Одевалась Мари скромно, почти как подросток, в свитера, блузки и юбки; иногда набрасывала кружевной шарф, вельветовую куртку или вышитый жакет, в которых выглядела очаровательно старомодной в этом городе, где каждый считал обязательным шить костюмы у портного. Наверное, она находит одежду на чердаках своих фамильных замков, думал Бруно, мечтая подарить ей какой-нибудь роскошный наряд или дорогое украшение. В день ее рождения Бруно пошел к лучшему в городе антиквару и купил вазу из белой керамики эпохи династии Сун.

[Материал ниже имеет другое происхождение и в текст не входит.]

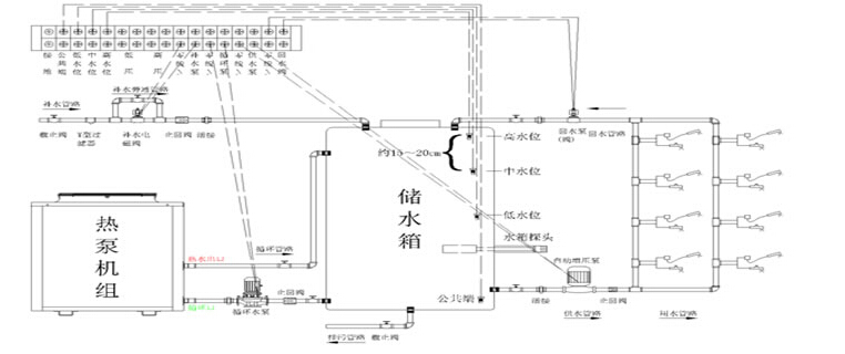 控制系統(tǒng):采用全自動控制,主機(jī)循環(huán)加熱蓄水水箱到60℃,水箱水位下降時(shí),機(jī)組再自動開啟向水箱中補(bǔ)充水。
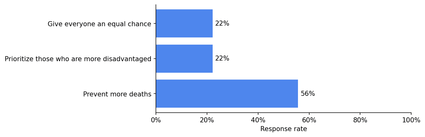 - We also surveyed bioethicists about issues related to research ethics (e.g., challenge trials; information hazards). These results will be published separately.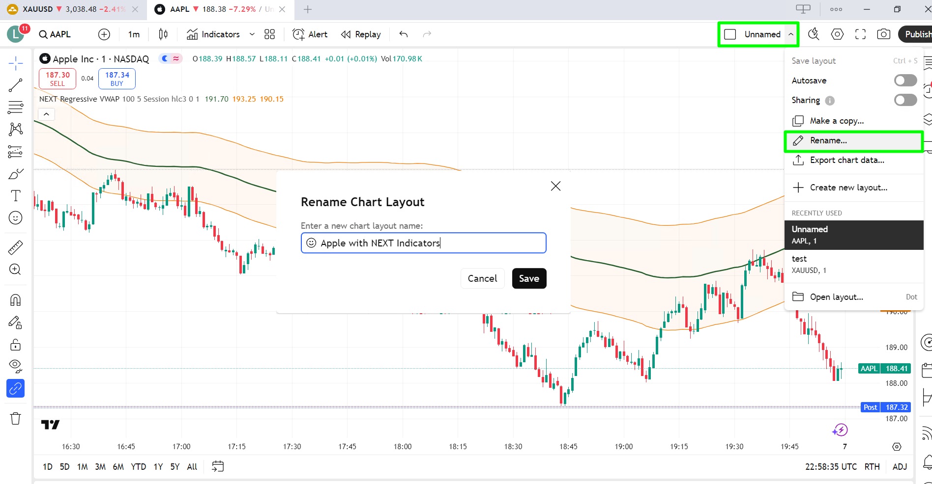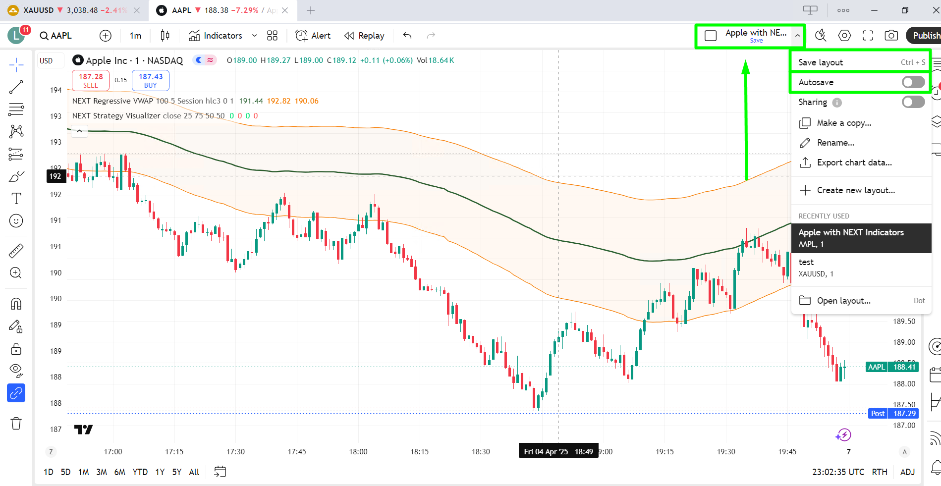 And you use the same tab to save the layout you created with all the indicators and strategies added. There is also an option to enable Auto-Save after every change you make:

Покрытая глазурью ваза отличалась удивительной красотой и простотой формы. Мари пришла в восторг, но принять вазу отказалась, зная истинную цену семисотлетнему произведению искусства. Теперь отвергнутая ваза стояла на каминной полке в спальне Бруно, напоминая ему о том, что он вел себя с Мари де Ларошфуко, как глупый нувориш.

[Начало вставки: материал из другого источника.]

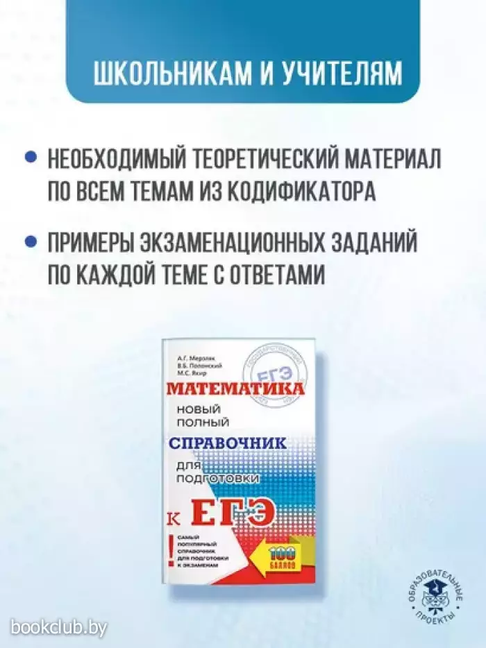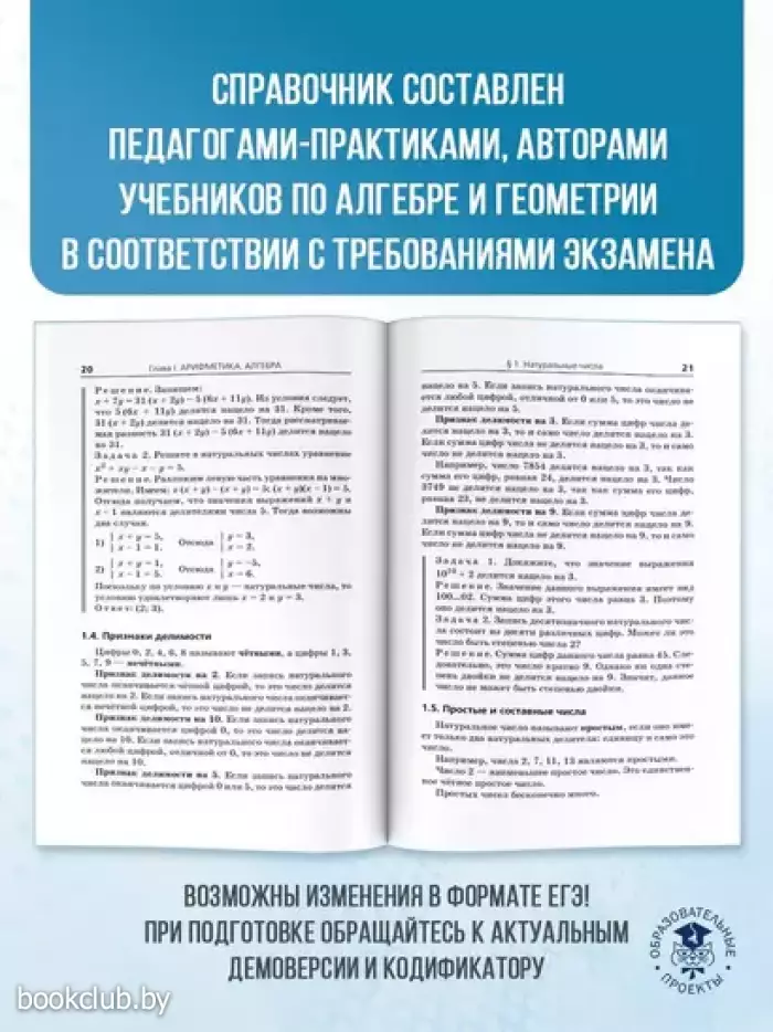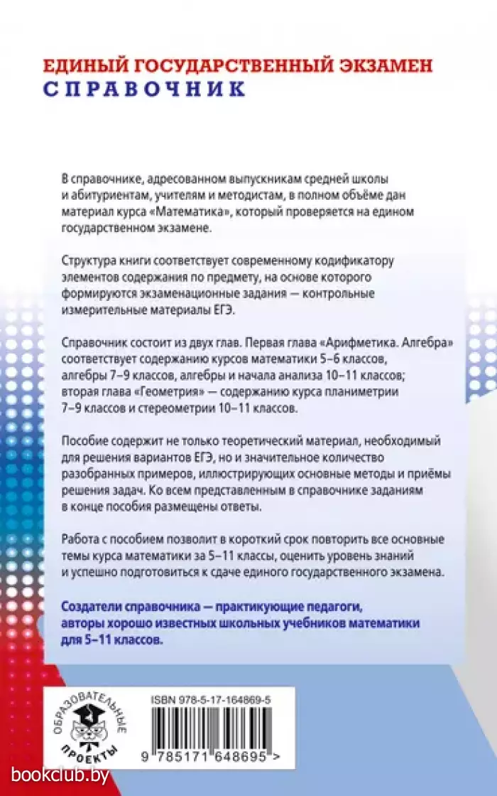 Справочник содержит материал курса "Математика" в объёме, проверяемом на едином государственном экзамене. Структура книги соответствует современному кодификатору элементов содержания по предмету, на основе которого формируются экзаменационные задания — контрольные измерительные материалы ЕГЭ. Справочник состоит из двух глав: "Арифметика. Алгебра" и "Геометрия". Помимо теоретического материала в справочнике представлено значительное количество разобранных примеров, иллюстрирующих основные методы и приёмы решения задач. Ко всем заданиям в конце пособия даны ответы для самопроверки. Работа с пособием позволит повторить все основные темы курса математики за 5–11 классы и успешно подготовиться к сдаче ЕГЭ.

Своей чистотой и невинностью она сводила его с ума. Мари никогда не упоминала об этом, но Бруно, как все влюбленные, стал наблюдателен и узнал, что каждое утро она ходит к ранней мессе. Однажды, придя к чаю на несколько минут раньше других гостей, он оказался в гостиной один и в приоткрытую дверь увидел угол спальни Мари, где потертая скамеечка для молитвы стояла рядом с распятием. Бруно не решился открыть дверь шире, и невидимая постель осталась для него священной тайной, но он знал, что недостоин даже помышлять о ней. Просыпаясь среди ночи – а это случалось с ним все чаще, – Бруно удивлялся тому, что так неожиданно и безоглядно влюбился в неопытную, религиозную, интеллектуальную и целомудренную девушку, юность которой протекла в тиши монастырей, классных комнат и музеев. Мари не занимало ни светское общество, ни его интриги, ни ее положение. Средоточием ее интересов, если он правильно понял, была учеба, которая давала Мари чистую радость. С чувственной точки зрения, эта девушка была чистой страницей и словно вовсе не интересовалась тем, подарит ли ей судьба мужа и детей.

Может, он просто идеализирует целомудрие Мари после стольких лет тайных, постыдных связей со зрелыми и порочными женщинами? Или же это следствие его сексуальной пресыщенности? Может, его восхищает ее умение быть истинной француженкой, и это дает ему, тоскующему изгнаннику, надежду, что Мари заполнит пустоту его жизни?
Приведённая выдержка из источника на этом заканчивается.